→ WHAT YOU SHOULD DO: Below this line are records; write out exactly the lines from the one containing "Ahoj, potýkám se" through the one containing "階段を上がるのは、1段づつで", with the pictures left out.

→ ENTRIES SHOWN:
* * *
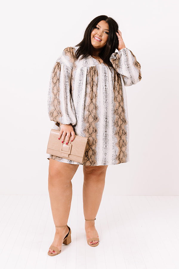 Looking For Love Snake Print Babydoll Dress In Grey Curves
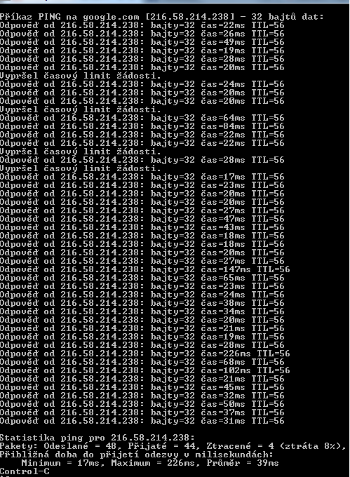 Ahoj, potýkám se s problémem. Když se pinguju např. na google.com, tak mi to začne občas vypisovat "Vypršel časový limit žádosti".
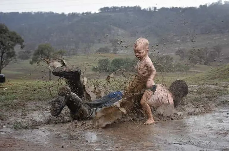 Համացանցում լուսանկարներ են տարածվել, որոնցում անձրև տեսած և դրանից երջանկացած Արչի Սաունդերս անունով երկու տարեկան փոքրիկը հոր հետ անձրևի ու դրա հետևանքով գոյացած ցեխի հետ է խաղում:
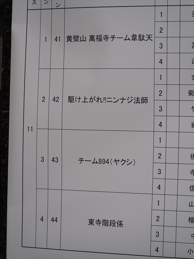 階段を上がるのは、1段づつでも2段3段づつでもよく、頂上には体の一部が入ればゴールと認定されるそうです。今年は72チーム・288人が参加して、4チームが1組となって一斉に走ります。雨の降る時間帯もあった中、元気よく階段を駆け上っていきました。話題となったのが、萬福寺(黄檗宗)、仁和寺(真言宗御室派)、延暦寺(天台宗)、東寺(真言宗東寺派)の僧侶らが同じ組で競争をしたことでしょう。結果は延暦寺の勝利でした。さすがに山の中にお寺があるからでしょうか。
* * *
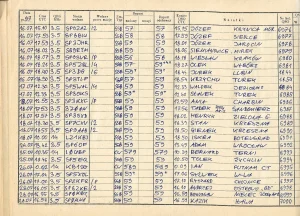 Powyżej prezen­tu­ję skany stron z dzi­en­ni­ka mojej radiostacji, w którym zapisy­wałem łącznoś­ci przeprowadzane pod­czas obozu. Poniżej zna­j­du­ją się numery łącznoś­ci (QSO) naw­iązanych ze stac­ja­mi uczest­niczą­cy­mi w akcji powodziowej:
* * *
→ EXERCISE OUTPUT:
 Ahoj, potýkám se s problémem. Když se pinguju např. na google.com, tak mi to začne občas vypisovat "Vypršel časový limit žádosti".
 Համացանցում լուսանկարներ են տարածվել, որոնցում անձրև տեսած և դրանից երջանկացած Արչի Սաունդերս անունով երկու տարեկան փոքրիկը հոր հետ անձրևի ու դրա հետևանքով գոյացած ցեխի հետ է խաղում:
 階段を上がるのは、1段づつでも2段3段づつでもよく、頂上には体の一部が入ればゴールと認定されるそうです。今年は72チーム・288人が参加して、4チームが1組となって一斉に走ります。雨の降る時間帯もあった中、元気よく階段を駆け上っていきました。話題となったのが、萬福寺(黄檗宗)、仁和寺(真言宗御室派)、延暦寺(天台宗)、東寺(真言宗東寺派)の僧侶らが同じ組で競争をしたことでしょう。結果は延暦寺の勝利でした。さすがに山の中にお寺があるからでしょうか。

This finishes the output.